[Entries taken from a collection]
"""
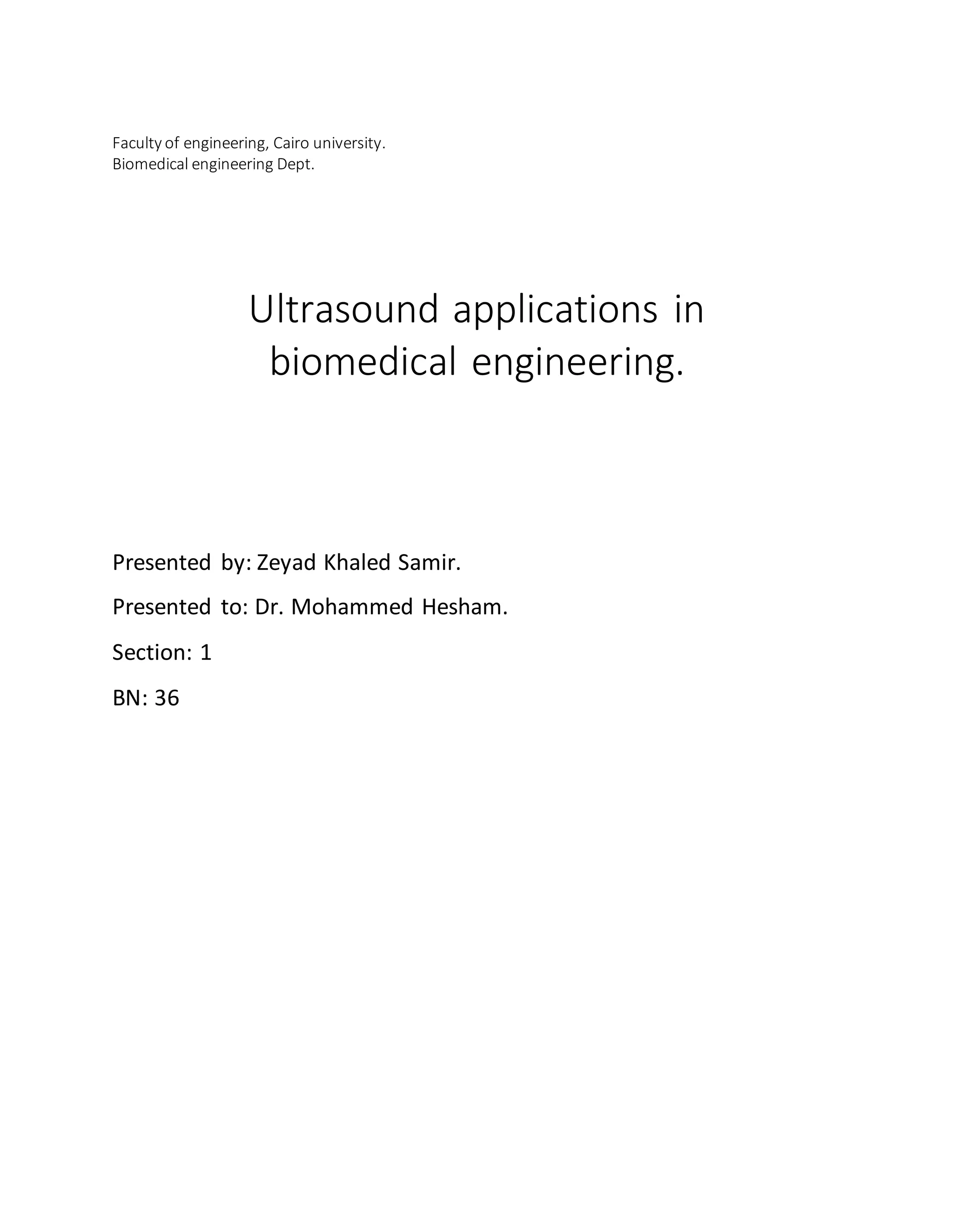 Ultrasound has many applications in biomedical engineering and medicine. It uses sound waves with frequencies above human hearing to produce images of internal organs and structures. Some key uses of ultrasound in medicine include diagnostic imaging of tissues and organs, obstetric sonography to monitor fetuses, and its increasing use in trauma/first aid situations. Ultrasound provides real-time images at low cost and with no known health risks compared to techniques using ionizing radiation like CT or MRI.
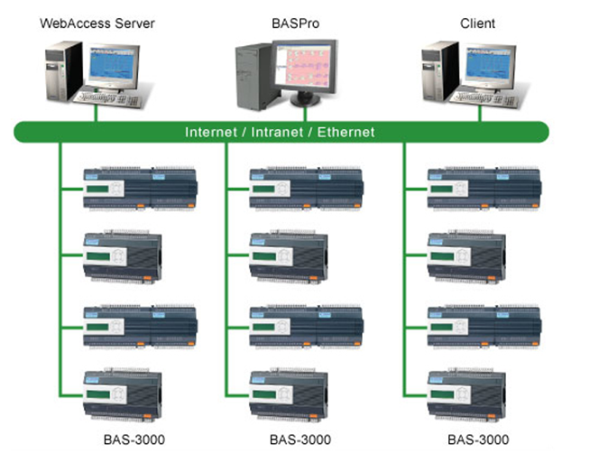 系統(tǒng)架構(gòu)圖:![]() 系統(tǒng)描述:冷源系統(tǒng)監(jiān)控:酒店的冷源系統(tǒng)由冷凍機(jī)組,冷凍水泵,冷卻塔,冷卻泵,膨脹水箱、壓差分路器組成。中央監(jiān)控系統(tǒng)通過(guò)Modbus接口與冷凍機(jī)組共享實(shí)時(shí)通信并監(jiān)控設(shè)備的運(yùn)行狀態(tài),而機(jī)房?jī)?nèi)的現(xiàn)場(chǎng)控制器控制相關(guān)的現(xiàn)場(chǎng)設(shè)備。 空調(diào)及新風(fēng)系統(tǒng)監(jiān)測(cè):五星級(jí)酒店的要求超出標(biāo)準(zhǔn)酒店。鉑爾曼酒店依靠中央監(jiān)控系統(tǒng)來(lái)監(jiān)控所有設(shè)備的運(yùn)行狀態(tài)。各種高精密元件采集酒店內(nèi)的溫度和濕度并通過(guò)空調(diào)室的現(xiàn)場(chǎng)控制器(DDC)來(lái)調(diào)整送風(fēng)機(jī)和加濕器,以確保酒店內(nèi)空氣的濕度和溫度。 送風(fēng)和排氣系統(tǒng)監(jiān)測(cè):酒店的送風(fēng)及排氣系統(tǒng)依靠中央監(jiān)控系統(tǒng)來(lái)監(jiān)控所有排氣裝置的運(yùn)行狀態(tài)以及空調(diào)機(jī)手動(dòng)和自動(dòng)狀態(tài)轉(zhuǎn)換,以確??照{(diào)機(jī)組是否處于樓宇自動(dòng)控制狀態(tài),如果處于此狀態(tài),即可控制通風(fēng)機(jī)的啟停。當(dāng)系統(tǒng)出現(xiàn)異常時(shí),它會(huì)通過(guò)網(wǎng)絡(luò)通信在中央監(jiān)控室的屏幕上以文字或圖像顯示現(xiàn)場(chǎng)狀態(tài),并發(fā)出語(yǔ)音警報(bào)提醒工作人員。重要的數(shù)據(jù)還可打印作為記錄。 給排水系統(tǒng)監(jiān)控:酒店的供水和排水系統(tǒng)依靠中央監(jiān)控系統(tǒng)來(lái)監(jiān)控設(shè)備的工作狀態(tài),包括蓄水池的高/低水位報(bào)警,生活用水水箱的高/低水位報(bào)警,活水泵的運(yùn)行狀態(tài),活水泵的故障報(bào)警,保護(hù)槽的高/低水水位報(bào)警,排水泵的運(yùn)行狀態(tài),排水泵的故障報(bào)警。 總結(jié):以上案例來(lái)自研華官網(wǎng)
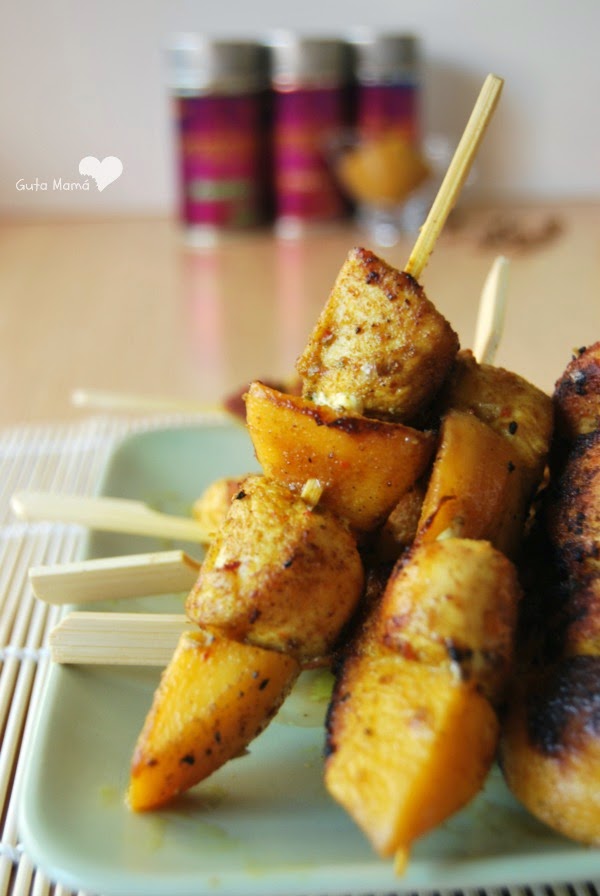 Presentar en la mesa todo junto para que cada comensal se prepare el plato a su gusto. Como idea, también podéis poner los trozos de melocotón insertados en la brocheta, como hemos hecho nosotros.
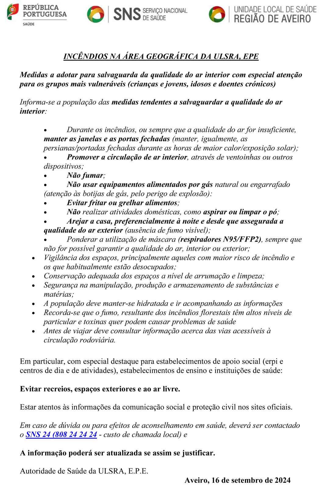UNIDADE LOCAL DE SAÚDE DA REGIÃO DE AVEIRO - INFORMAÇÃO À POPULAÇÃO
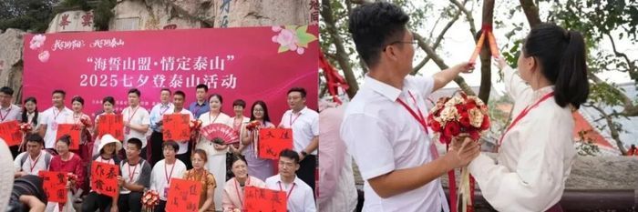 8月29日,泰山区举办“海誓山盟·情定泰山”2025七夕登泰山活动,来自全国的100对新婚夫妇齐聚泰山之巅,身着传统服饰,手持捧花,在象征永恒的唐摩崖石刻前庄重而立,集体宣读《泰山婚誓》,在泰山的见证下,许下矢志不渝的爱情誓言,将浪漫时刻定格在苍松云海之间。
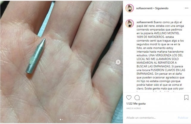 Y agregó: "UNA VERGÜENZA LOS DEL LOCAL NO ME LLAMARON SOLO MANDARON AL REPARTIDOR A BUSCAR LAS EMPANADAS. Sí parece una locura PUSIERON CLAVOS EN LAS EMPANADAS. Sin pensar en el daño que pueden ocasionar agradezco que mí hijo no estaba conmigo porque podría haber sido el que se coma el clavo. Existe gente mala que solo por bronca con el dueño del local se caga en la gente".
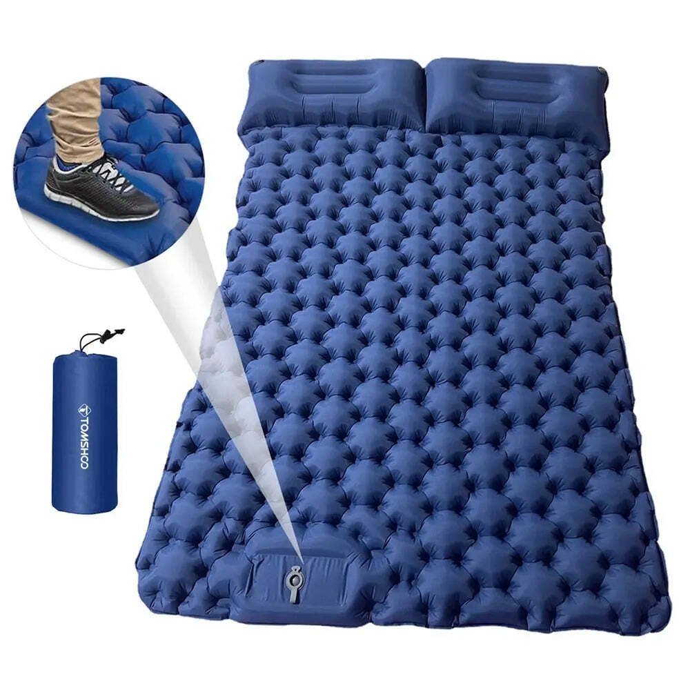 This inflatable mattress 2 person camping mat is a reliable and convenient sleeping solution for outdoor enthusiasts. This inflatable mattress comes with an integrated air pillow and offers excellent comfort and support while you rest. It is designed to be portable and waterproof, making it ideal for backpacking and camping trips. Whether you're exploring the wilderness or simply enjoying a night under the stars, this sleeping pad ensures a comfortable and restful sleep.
"""
PROBLEM STATEMENT
What you return must match the records above exactly, minus any images.

EXERCISE RESULT
 Ultrasound has many applications in biomedical engineering and medicine. It uses sound waves with frequencies above human hearing to produce images of internal organs and structures. Some key uses of ultrasound in medicine include diagnostic imaging of tissues and organs, obstetric sonography to monitor fetuses, and its increasing use in trauma/first aid situations. Ultrasound provides real-time images at low cost and with no known health risks compared to techniques using ionizing radiation like CT or MRI.
 系統(tǒng)架構(gòu)圖:![]() 系統(tǒng)描述:冷源系統(tǒng)監(jiān)控:酒店的冷源系統(tǒng)由冷凍機(jī)組,冷凍水泵,冷卻塔,冷卻泵,膨脹水箱、壓差分路器組成。中央監(jiān)控系統(tǒng)通過(guò)Modbus接口與冷凍機(jī)組共享實(shí)時(shí)通信并監(jiān)控設(shè)備的運(yùn)行狀態(tài),而機(jī)房?jī)?nèi)的現(xiàn)場(chǎng)控制器控制相關(guān)的現(xiàn)場(chǎng)設(shè)備。 空調(diào)及新風(fēng)系統(tǒng)監(jiān)測(cè):五星級(jí)酒店的要求超出標(biāo)準(zhǔn)酒店。鉑爾曼酒店依靠中央監(jiān)控系統(tǒng)來(lái)監(jiān)控所有設(shè)備的運(yùn)行狀態(tài)。各種高精密元件采集酒店內(nèi)的溫度和濕度并通過(guò)空調(diào)室的現(xiàn)場(chǎng)控制器(DDC)來(lái)調(diào)整送風(fēng)機(jī)和加濕器,以確保酒店內(nèi)空氣的濕度和溫度。 送風(fēng)和排氣系統(tǒng)監(jiān)測(cè):酒店的送風(fēng)及排氣系統(tǒng)依靠中央監(jiān)控系統(tǒng)來(lái)監(jiān)控所有排氣裝置的運(yùn)行狀態(tài)以及空調(diào)機(jī)手動(dòng)和自動(dòng)狀態(tài)轉(zhuǎn)換,以確??照{(diào)機(jī)組是否處于樓宇自動(dòng)控制狀態(tài),如果處于此狀態(tài),即可控制通風(fēng)機(jī)的啟停。當(dāng)系統(tǒng)出現(xiàn)異常時(shí),它會(huì)通過(guò)網(wǎng)絡(luò)通信在中央監(jiān)控室的屏幕上以文字或圖像顯示現(xiàn)場(chǎng)狀態(tài),并發(fā)出語(yǔ)音警報(bào)提醒工作人員。重要的數(shù)據(jù)還可打印作為記錄。 給排水系統(tǒng)監(jiān)控:酒店的供水和排水系統(tǒng)依靠中央監(jiān)控系統(tǒng)來(lái)監(jiān)控設(shè)備的工作狀態(tài),包括蓄水池的高/低水位報(bào)警,生活用水水箱的高/低水位報(bào)警,活水泵的運(yùn)行狀態(tài),活水泵的故障報(bào)警,保護(hù)槽的高/低水水位報(bào)警,排水泵的運(yùn)行狀態(tài),排水泵的故障報(bào)警。 總結(jié):以上案例來(lái)自研華官網(wǎng)
 Presentar en la mesa todo junto para que cada comensal se prepare el plato a su gusto. Como idea, también podéis poner los trozos de melocotón insertados en la brocheta, como hemos hecho nosotros.
UNIDADE LOCAL DE SAÚDE DA REGIÃO DE AVEIRO - INFORMAÇÃO À POPULAÇÃO
 8月29日,泰山区举办“海誓山盟·情定泰山”2025七夕登泰山活动,来自全国的100对新婚夫妇齐聚泰山之巅,身着传统服饰,手持捧花,在象征永恒的唐摩崖石刻前庄重而立,集体宣读《泰山婚誓》,在泰山的见证下,许下矢志不渝的爱情誓言,将浪漫时刻定格在苍松云海之间。
 Y agregó: "UNA VERGÜENZA LOS DEL LOCAL NO ME LLAMARON SOLO MANDARON AL REPARTIDOR A BUSCAR LAS EMPANADAS. Sí parece una locura PUSIERON CLAVOS EN LAS EMPANADAS. Sin pensar en el daño que pueden ocasionar agradezco que mí hijo no estaba conmigo porque podría haber sido el que se coma el clavo. Existe gente mala que solo por bronca con el dueño del local se caga en la gente".
 This inflatable mattress 2 person camping mat is a reliable and convenient sleeping solution for outdoor enthusiasts. This inflatable mattress comes with an integrated air pillow and offers excellent comfort and support while you rest. It is designed to be portable and waterproof, making it ideal for backpacking and camping trips. Whether you're exploring the wilderness or simply enjoying a night under the stars, this sleeping pad ensures a comfortable and restful sleep.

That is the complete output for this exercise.